----- INFORMATION SHOWN
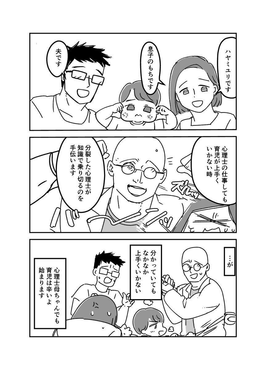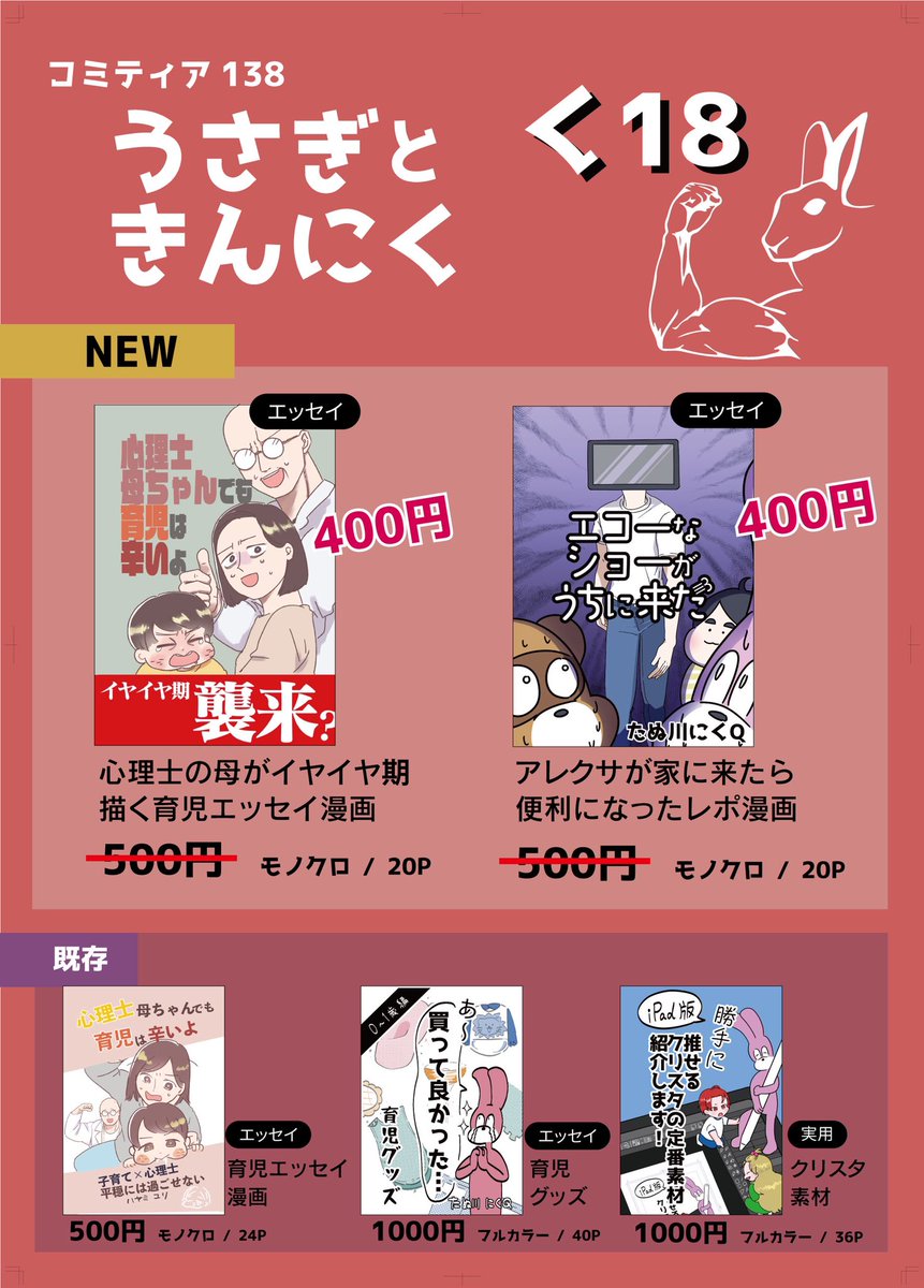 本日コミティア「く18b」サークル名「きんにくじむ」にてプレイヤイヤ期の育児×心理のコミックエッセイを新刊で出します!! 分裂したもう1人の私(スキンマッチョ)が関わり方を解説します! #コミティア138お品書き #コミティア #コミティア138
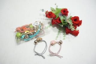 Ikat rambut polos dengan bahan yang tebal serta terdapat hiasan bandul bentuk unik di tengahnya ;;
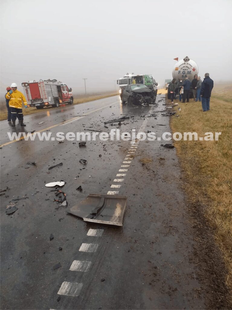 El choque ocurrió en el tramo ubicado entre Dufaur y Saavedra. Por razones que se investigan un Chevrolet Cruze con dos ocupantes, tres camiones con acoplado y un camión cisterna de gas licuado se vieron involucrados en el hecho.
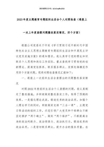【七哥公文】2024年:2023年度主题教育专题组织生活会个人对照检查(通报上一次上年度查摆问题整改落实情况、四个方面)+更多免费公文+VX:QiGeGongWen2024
----------
PROBLEM DESCRIPTION => Type the listing out again word for word, passing over each picture.

TASK SOLUTION =>
 本日コミティア「く18b」サークル名「きんにくじむ」にてプレイヤイヤ期の育児×心理のコミックエッセイを新刊で出します!! 分裂したもう1人の私(スキンマッチョ)が関わり方を解説します! #コミティア138お品書き #コミティア #コミティア138
 Ikat rambut polos dengan bahan yang tebal serta terdapat hiasan bandul bentuk unik di tengahnya ;;
 El choque ocurrió en el tramo ubicado entre Dufaur y Saavedra. Por razones que se investigan un Chevrolet Cruze con dos ocupantes, tres camiones con acoplado y un camión cisterna de gas licuado se vieron involucrados en el hecho.
【七哥公文】2024年:2023年度主题教育专题组织生活会个人对照检查(通报上一次上年度查摆问题整改落实情况、四个方面)+更多免费公文+VX:QiGeGongWen2024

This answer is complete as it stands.